Chronic Pain Is Emotional Pain

The connection between repressed anger and pain



Chronic pain is a heavy burden. 85% of patients with chronic pain also experience severe depression.[1] Chronic pain is a major public health issue — approximately one fifth of the general population suffers from chronic pain in the U.S. and Europe.[2] Yet the healthcare system does not provide a standard of care that alleviates the pain sufficiently.


The difficulty with curing chronic pain

Why is chronic pain so difficult to treat? One answer lies in the mainstream definition of chronic pain as a form of somatic (physical) pain, rather than a form of emotional pain. Chronic pain has much more in common with emotional pain than with somatic pain, and so this mainstream categorization error results in approaches that miss the point.


Somatic pain vs. emotional pain

Somatic pain refers to pain that is perceived by nociceptors (pain receptors) in the body. The nociceptors send a signal to the brain. This signal is registered by the part of the brain responsible for that part of the body in which the nociceptor fired. Emotional pain, on the other hand, refers to pain that we experience from unpleasant thoughts and memories. The brain processes emotions in different parts of the brain than it does somatic pain. While the process by which emotional pain in the brain manifests itself in the physical body is complex, you can basically think of it as the reverse direction of somatic pain.
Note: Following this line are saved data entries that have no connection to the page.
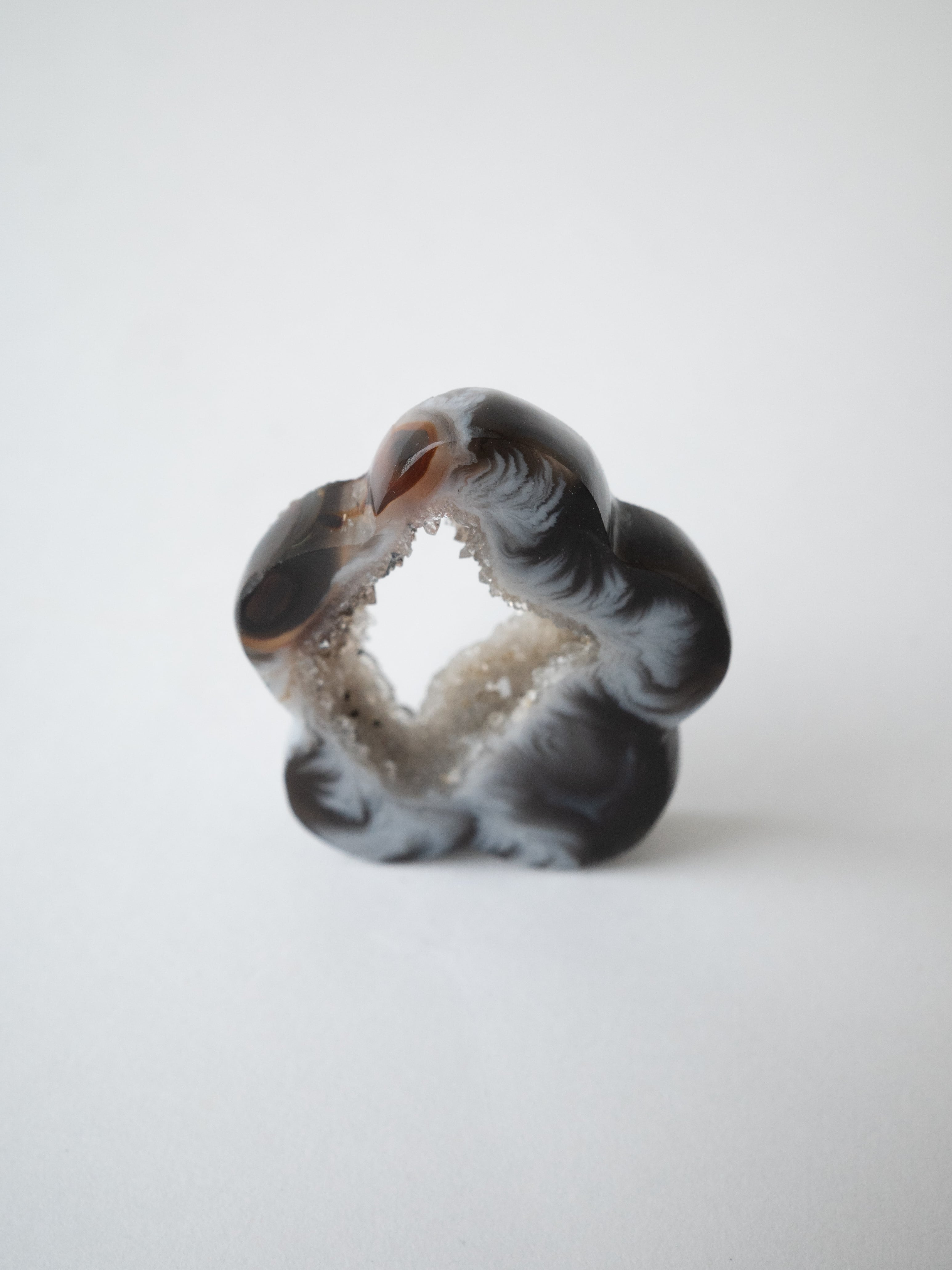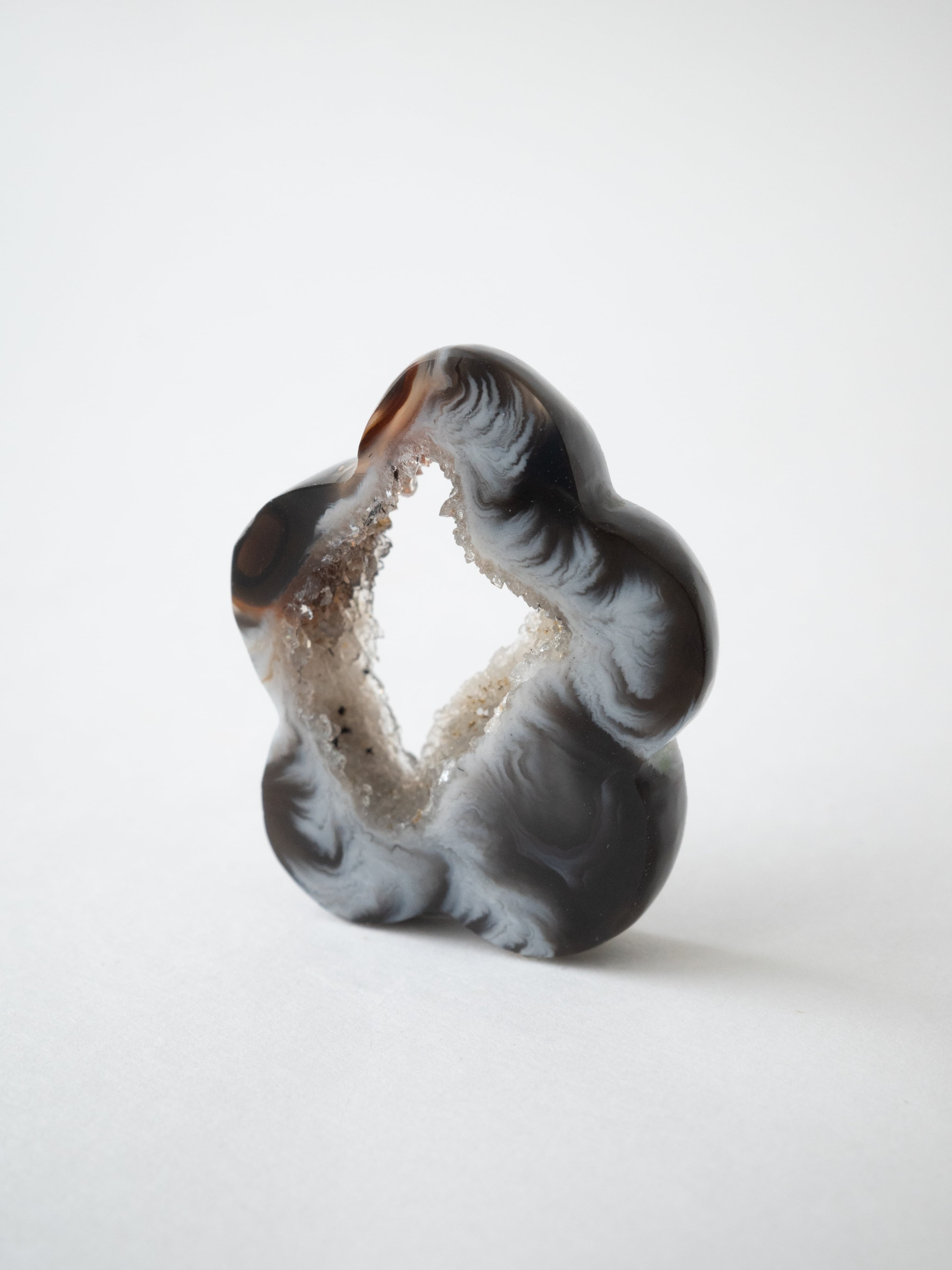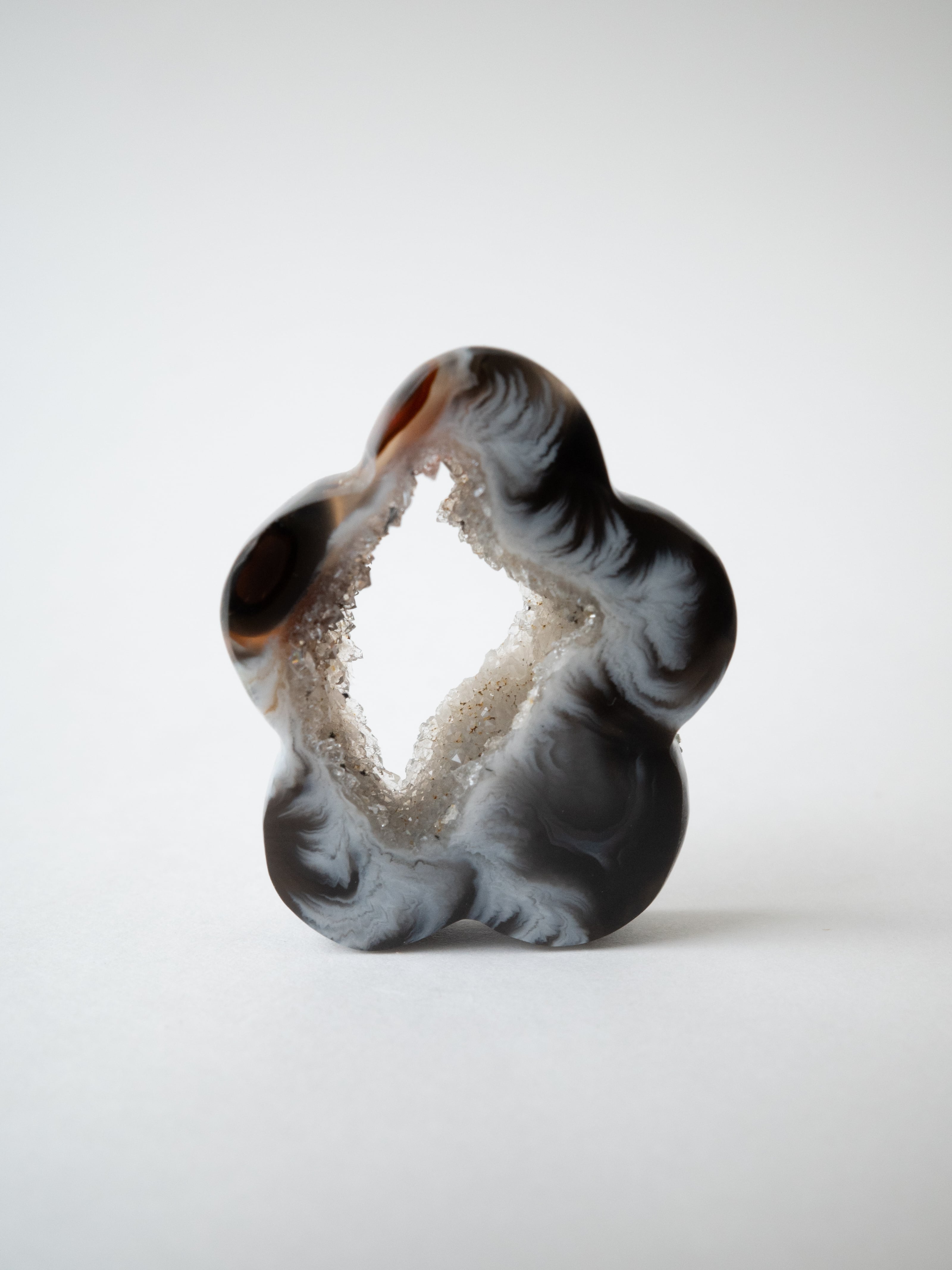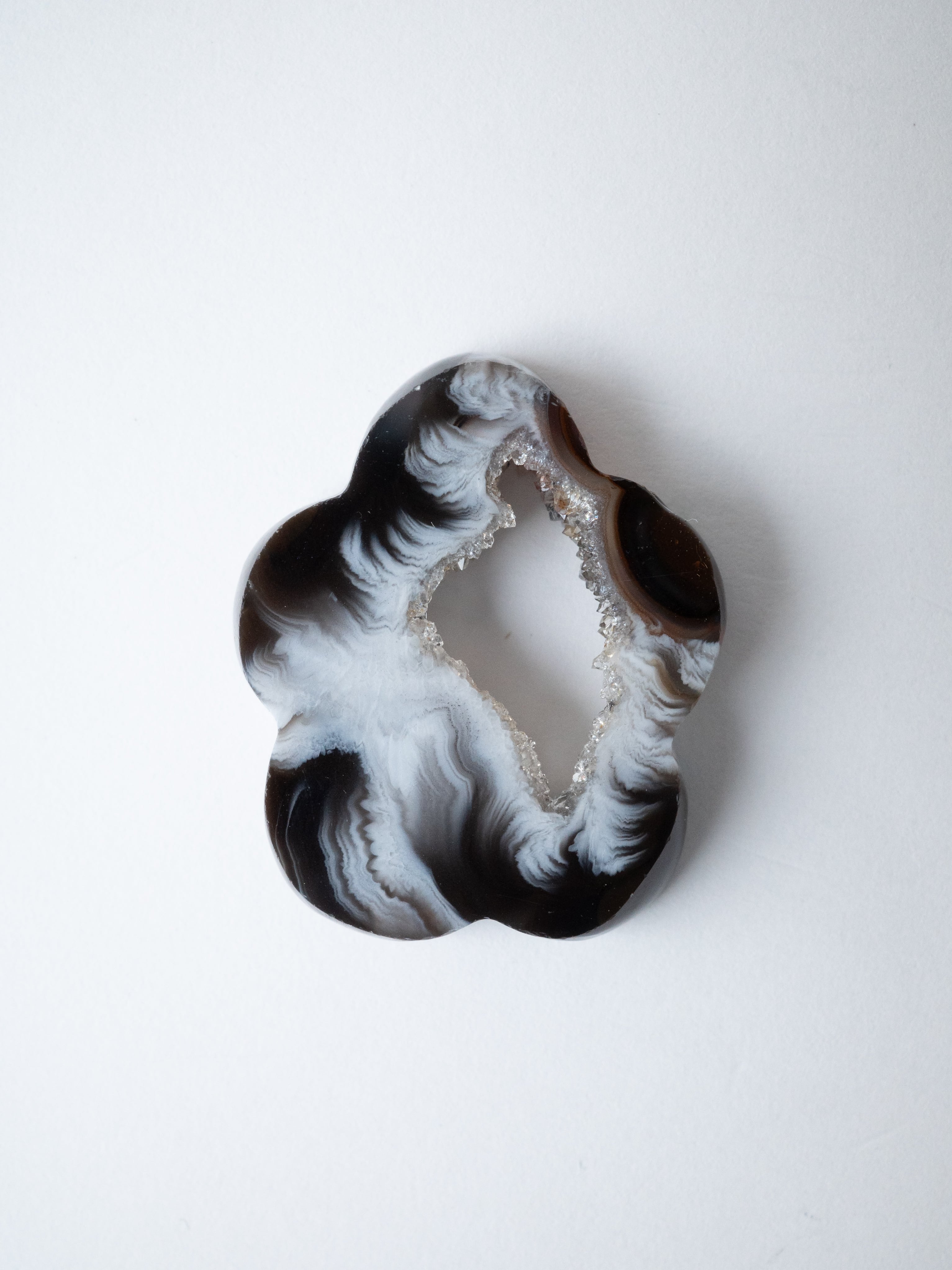 This druzy agate, known for its small sparkling crystals, has been cut into a flower-like form.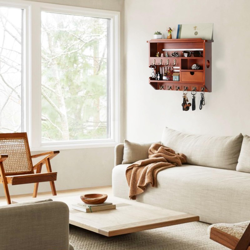 DOPACE Key Holder for Wall, Mail and Key Holder, Mail Organizer Wall Mount with Storage Drawer and 10 Hooks, Easy Installation Keys Holder on Wall, Auburn
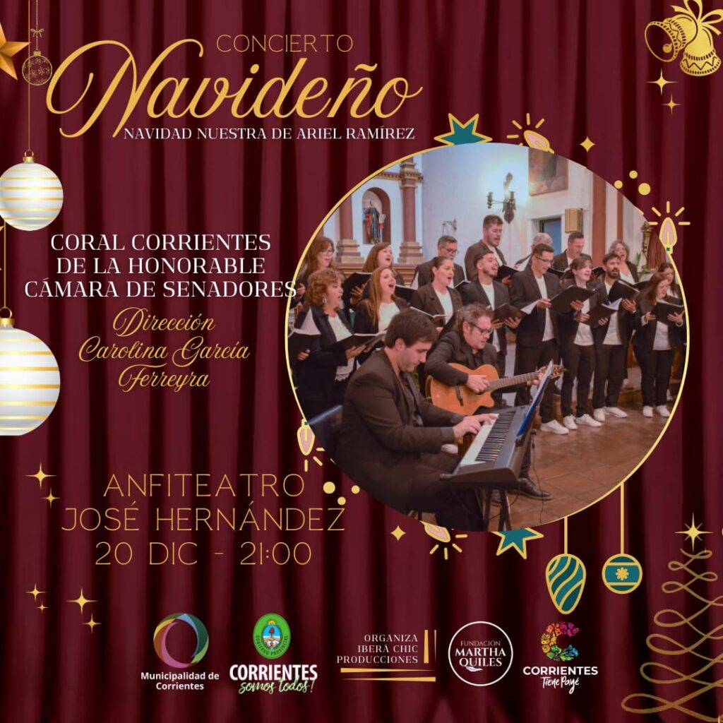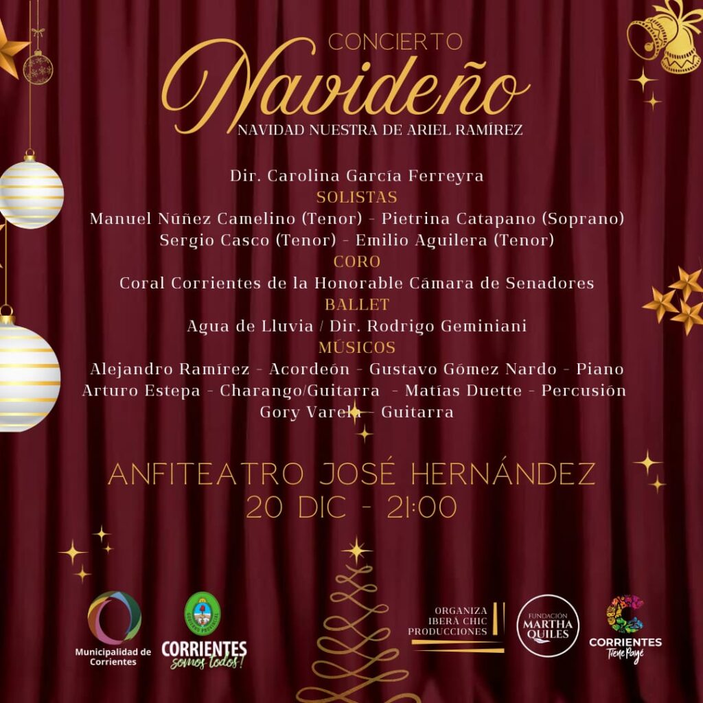 Con el apoyo del Gobierno de la Provincia y la Municipalidad de la ciudad de Corrientes, a través de la Secretaría de Cultura y Educación, se presentará el concierto navideño denominado la “Navidad Nuestra” de Ariel Ramírez. El evento tendrá lugar el viernes 20 en el Anfiteatro José Hernández a las 21, con entrada gratuita. Será interpretado por los referentes más destacados del género artístico lírico de la Provincia de Corrientes.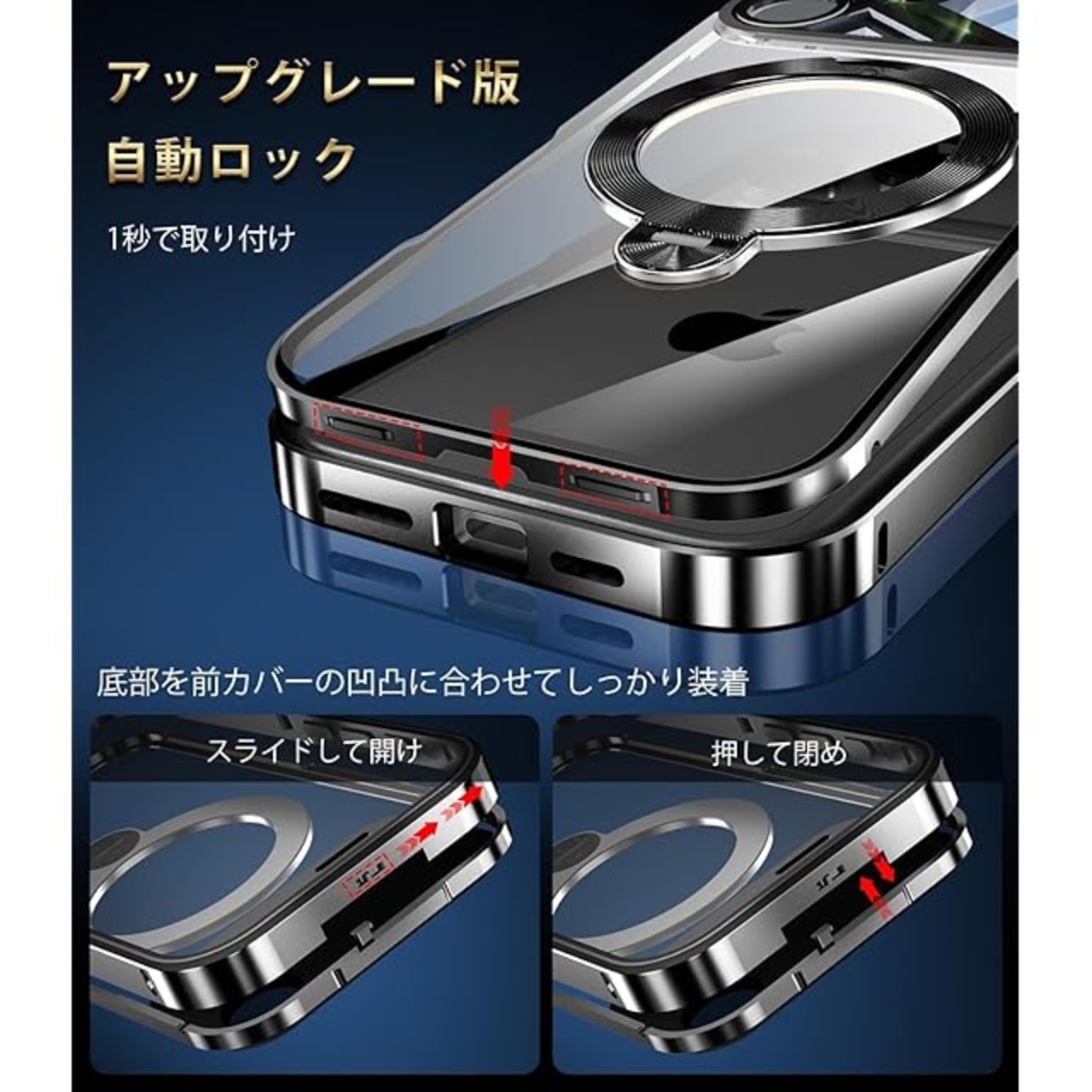 商品名:iPhone 17 用 ケース 両面保護 MagSafe対応 光沢CD紋様リング 360°定点回転スタンド 自動ポップアップロック付き カメラレンズフル保護 いphone 17 用 Gunwon スマホケース アルミ合金バンパー 9H一体型保護フィルム 背面クリア 全面保護 フルカバー ワイヤレス充電 縦横両対応 アイフォン 17 用 携帯ケース「ブラック」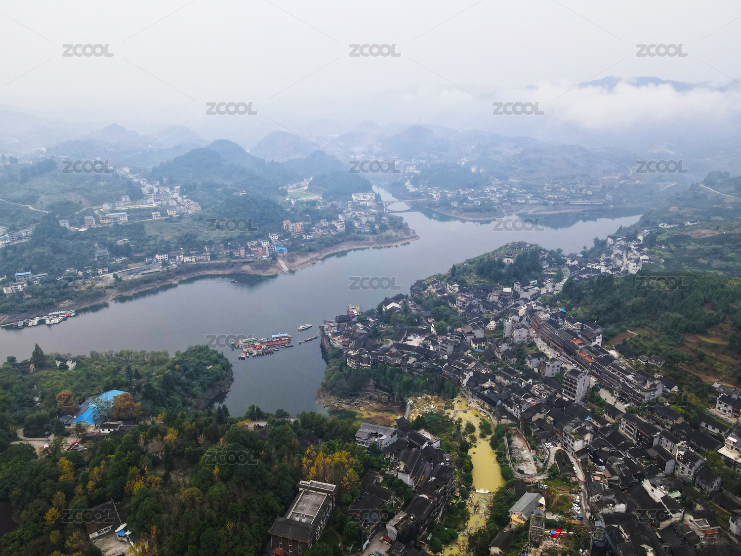航拍湖南湘西龙山县里耶古城及里耶秦简出土

Instead of pain in the body registering in the brain, pain in the brain registers in the body.


Somatic pain is acute pain

Think of somatic (physical) pain as acute pain. Acute pain is defined as pain in response to a present stimulus that causes the nociceptors to fire. Once the stimulus has subsided and the damaged tissue is healed, acute pain stops.[3]


What is chronic pain?

If the pain persists for more than 3 months after the stimuli has been removed, we speak about chronic pain.[4] Put another way, we qualify something as chronic pain when the pain lasts longer than the expected healing time.[5]


Chronic pain is emotional pain, not somatic pain – treatments have to adjust accordingly

When we misclassify chronic pain as somatic pain, the approach and treatment are then similar to those for acute pain. This brings often no, or very little, lasting relief to the patient.[6]


A paradigm shift

A paradigm shift began to occur when researches started to look at chronic pain as being less an issue of the body and more an issue of the mind.


“Chronic pain (…) is less somatic and more affective in nature.”[7]


Meaning, chronic pain is more similar to emotional pain than it is to acute pain. This idea is based on research that shows chronic pain and acute pain occur in completely different areas of the brain.[8]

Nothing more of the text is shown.